Sammendrag
Disease-related factors have proven to be an important source of variable drug response among individuals, leading to an increased focus on the impact of various diseases on pharmacokinetics. Due to the rising prevalence of obesity and its comorbidities, and hence the number of bariatric surgeries, clinicians will more often be confronted with how drugs should be dosed in these patients. The overall aim of this thesis was to investigate the impact of obesity, Roux-en-Y gastric bypass (RYGB), weight loss, and type 2 diabetes mellitus (T2DM) on pharmacokinetics, focusing on cytochrome P450 (CYP) 1A2, CYP2C9, CYP2C19, and CYP3A.
This thesis is primarily based on data from the COCKTAIL-study including patients with obesity scheduled for weight loss treatment with RYGB or a strict diet and a non-obese control group scheduled for cholecystectomy. In two of the papers, we showed that metabolism mediated by CYPC219 and CYP3A were decreased in patients with obesity, and, following weight loss induced by RYGB or a strict diet, CYP2C19 activity increased a few weeks later, while CYP3A activity had a longer recovery time. We also showed that body weight, weight loss, and RYGB had a negligible impact on CYP1A2 and CYP2C9 activities. This thesis also included a paper investigating the impact of T2DM in patients with obesity with or without T2DM, where we showed that T2DM downregulated CYP2C19 activity beyond that of obesity, while CYP1A2, CYP2C9, and CYP3A were not influenced.
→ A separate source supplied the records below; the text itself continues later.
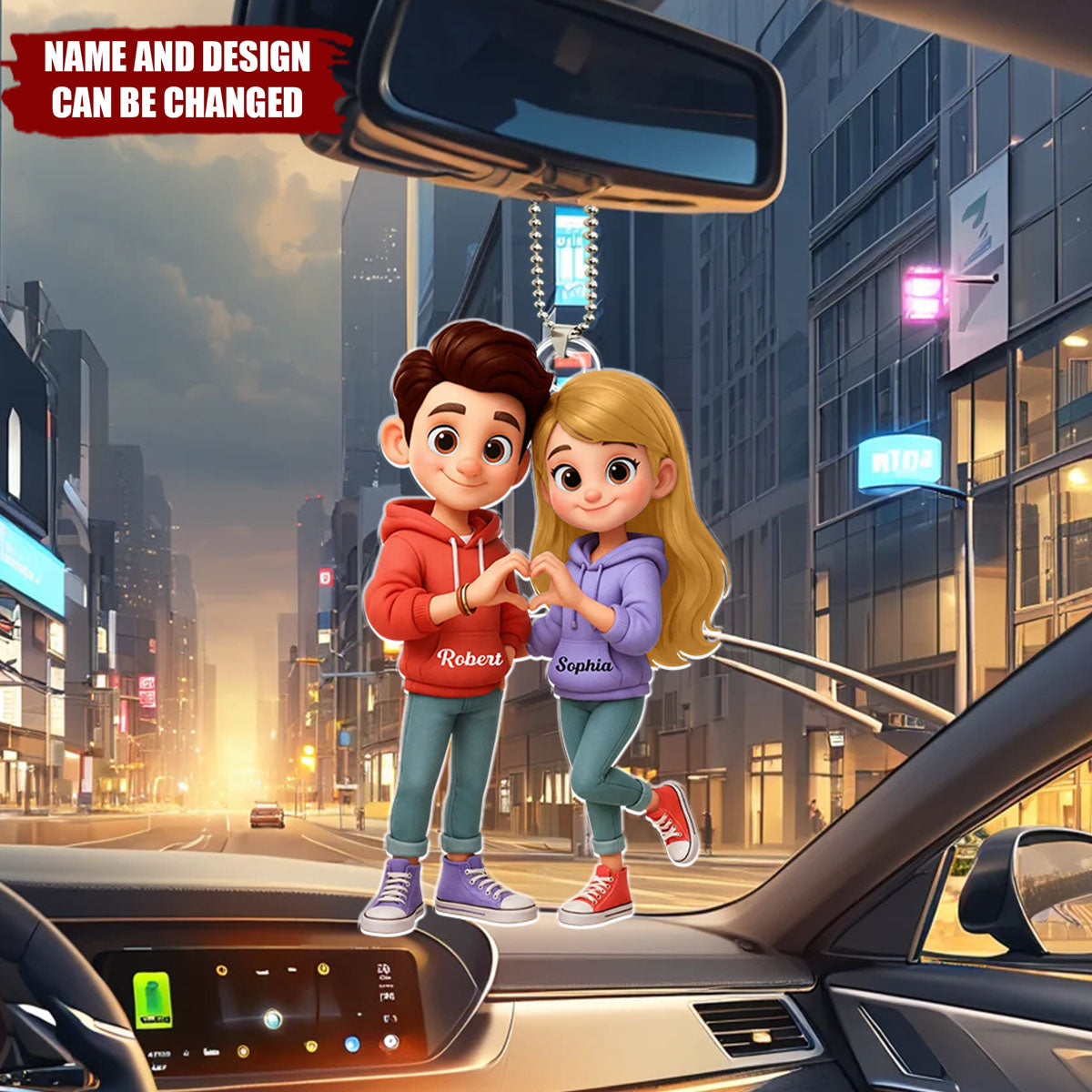 Every drive becomes a sweet detour when love is your co-pilot. This adorable cartoon couple car hanger captures a heartfelt moment made just for two. Personalized with your names, it's a daily reminder that your favorite journey is the one you share—turning every road into a path lined with togetherness and joy.
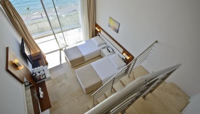 Отель на берегу моря, в поселке Авсаллар, рядом с песчаным пляжем. Компактная территория, красивые виды. Для спокойного семейного отдыха с детьми.
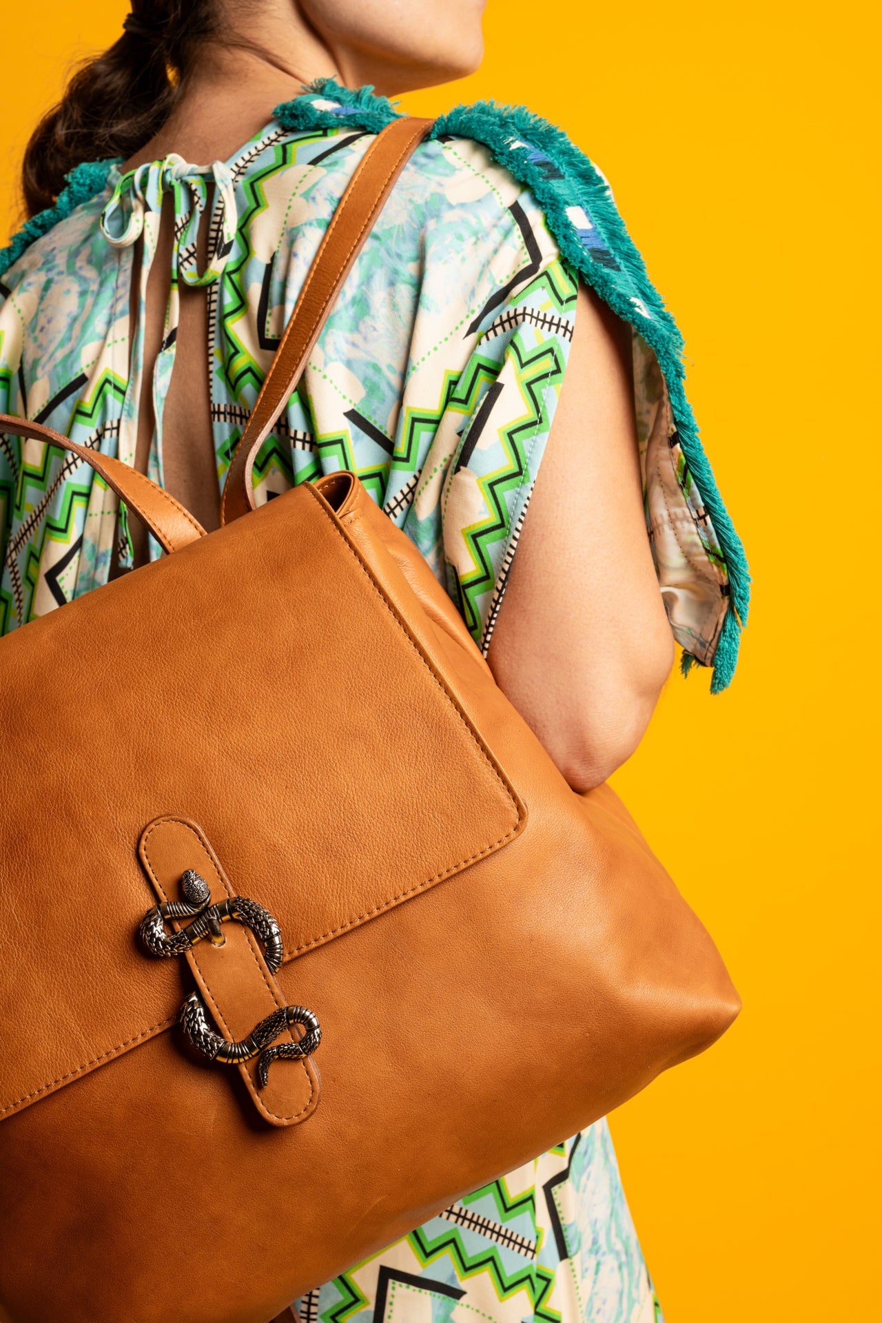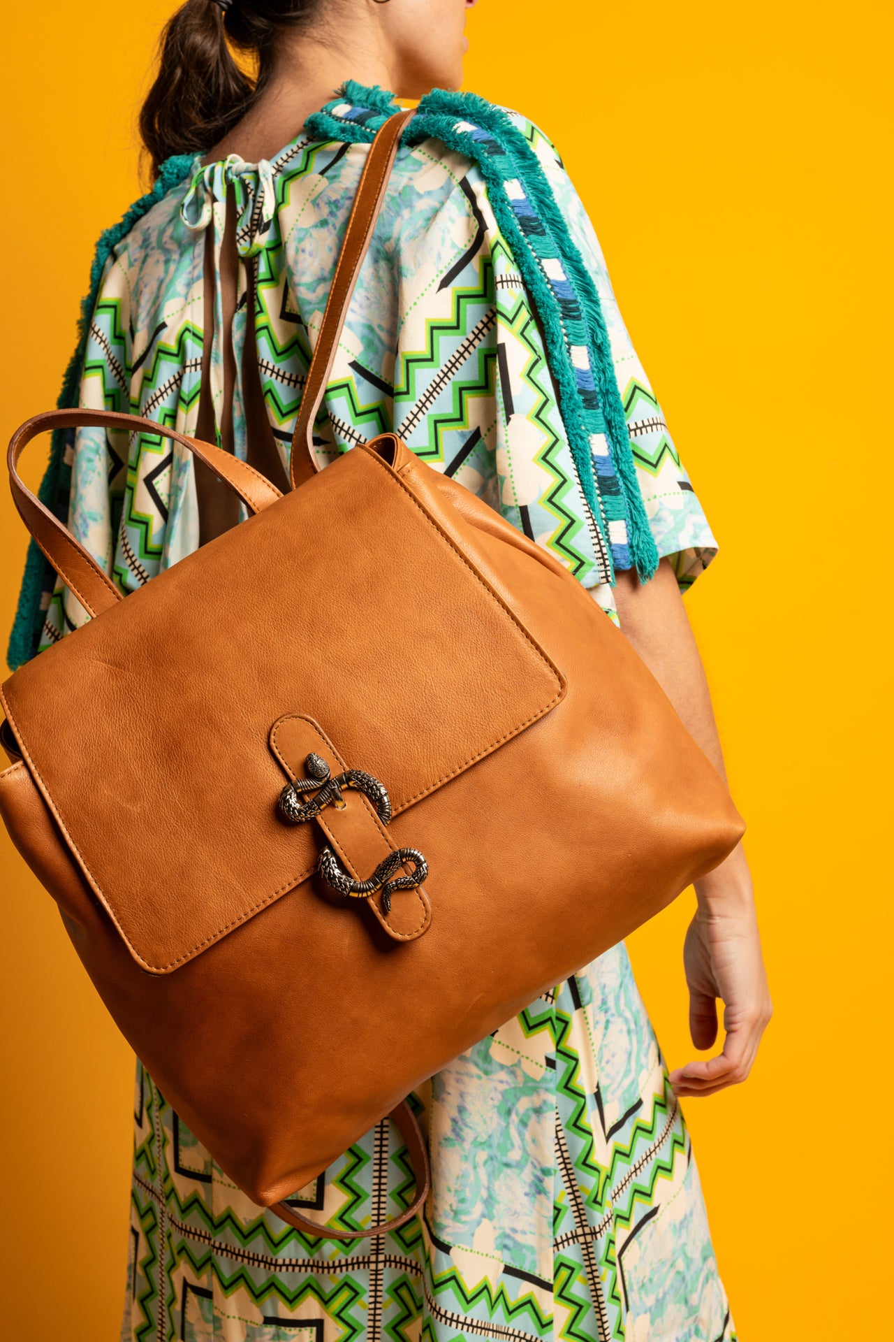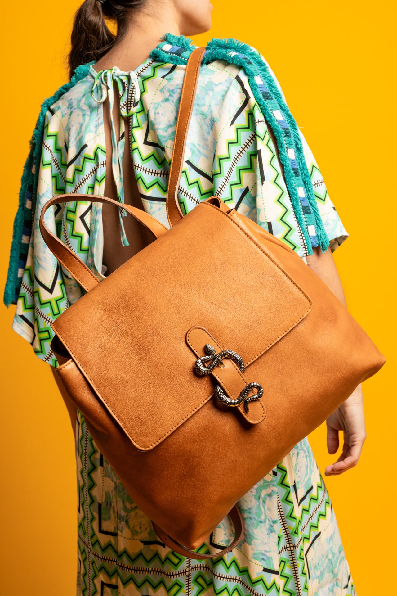 Crafted from premium leather with a secure flap-and-buckle closure, spacious interior, and adjustable straps for all-day comfort.
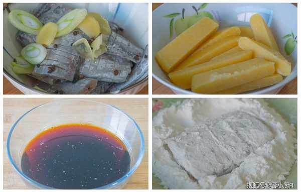 1、帶魚段1斤,加水清洗幹凈,然後瀝幹水分,兩面打上花刀,然後再切小段,處理好後裝入碗裡。接著切點蔥薑,大蔥和生薑分別切片,然後和帶魚裝一起,再來一小把花椒,一勺鹽一大勺料酒,抓拌均勻後醃制30分鐘,可以去腥入底味兒。
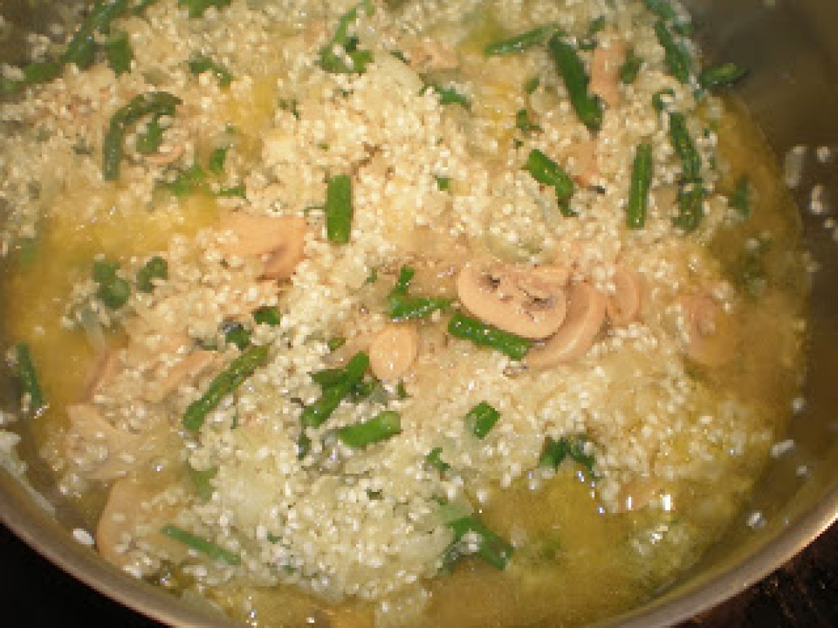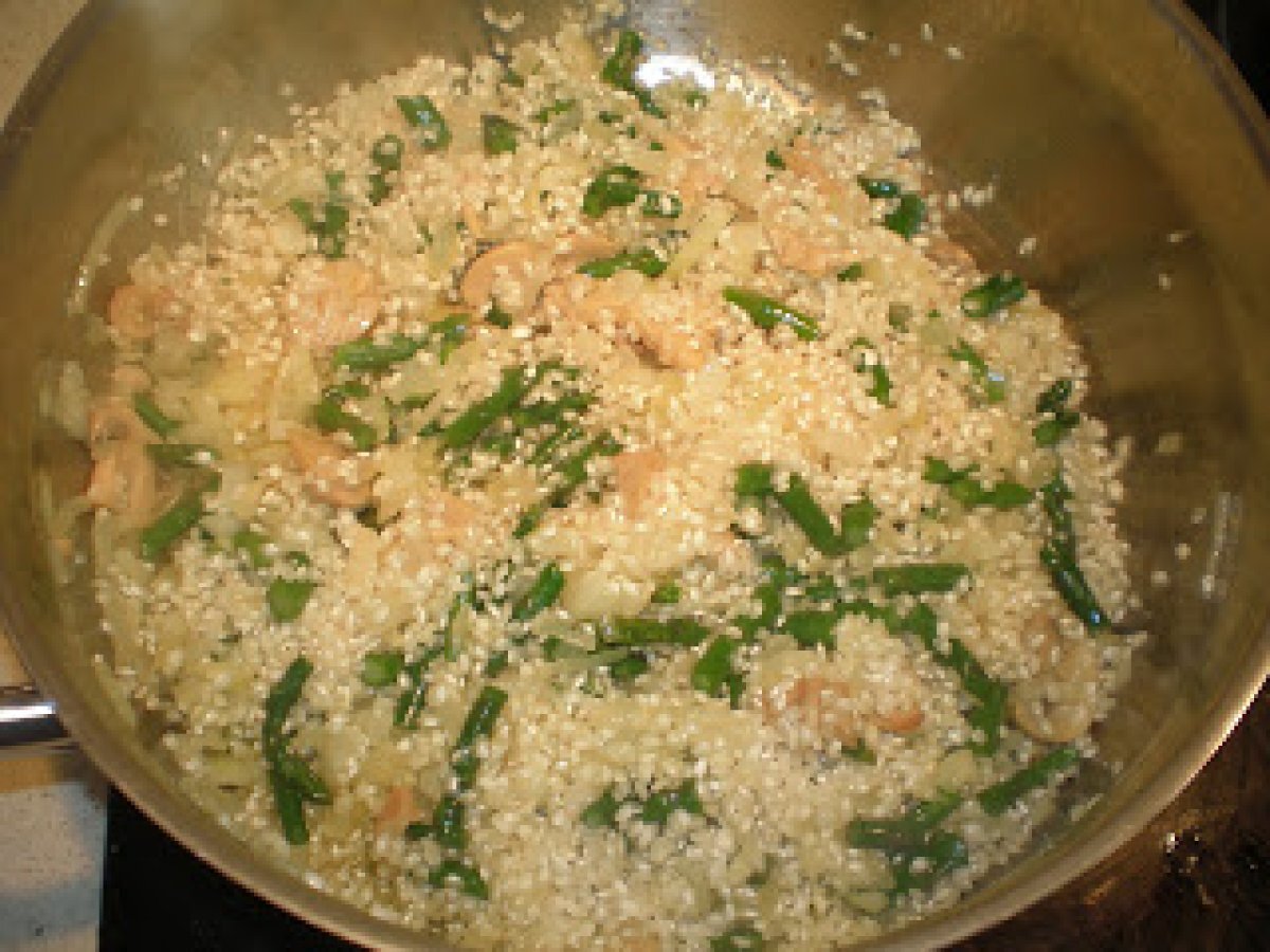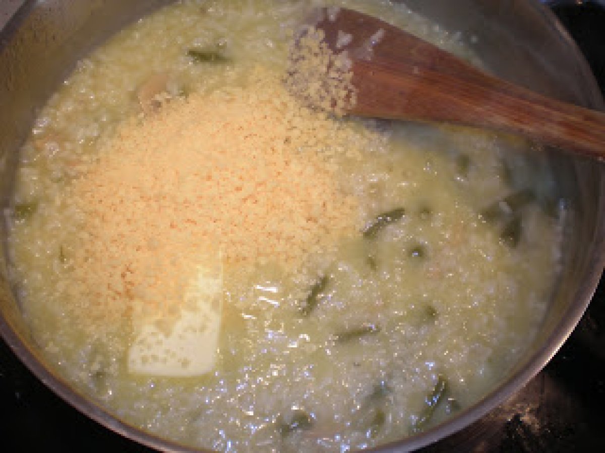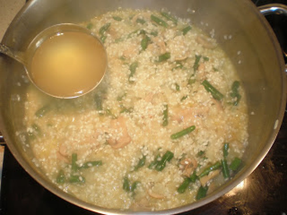 Rissotto de espárragos y champiñones AnteriorSiguiente PlatoFácil35 min685 Kcal Enviar esta receta a un amigo Imprimir esta página Preguntar al autor Publicar la foto de esta receta Ingredientes 4 400 g arroz 150 g espárragos trigueros 150 g champiñones laminados 1 cebolla 1 vaso de vino blanco 1 l.caldo de pollo 60 g mantequilla 150 g de queso (parmesano o manchego curado), aceite sal.

In the data from the COCKTAIL-study, we observed substantial intraindividual variability in midazolam pharmacokinetics in patients with obesity before and after weight loss over a short period of time. Accordingly, we performed a study in healthy volunteers without obesity (IntraCYP-study) where we showed a low- to moderate intraindividual variability in midazolam absolute bioavailability and systemic clearance on average, indicating a minor variability in CYP3A activity over time. However, a relevant number of the healthy volunteers displayed considerable intraindividual variability that should be considered when using midazolam to assess CYP3A activity. The data in the first paper also indicated that systemic midazolam clearance to a large degree reflected other processes than CYP3A metabolic capacity. Thus, we evaluated 4βOHC as an endogenous biomarker for CYP3A4 activity. In this paper, we showed that 4βOHC appears to reflect hepatic, but not intestinal, CYP3A4 activity, making it a valuable supplement in traditional phenotyping studies using probe drugs such as midazolam.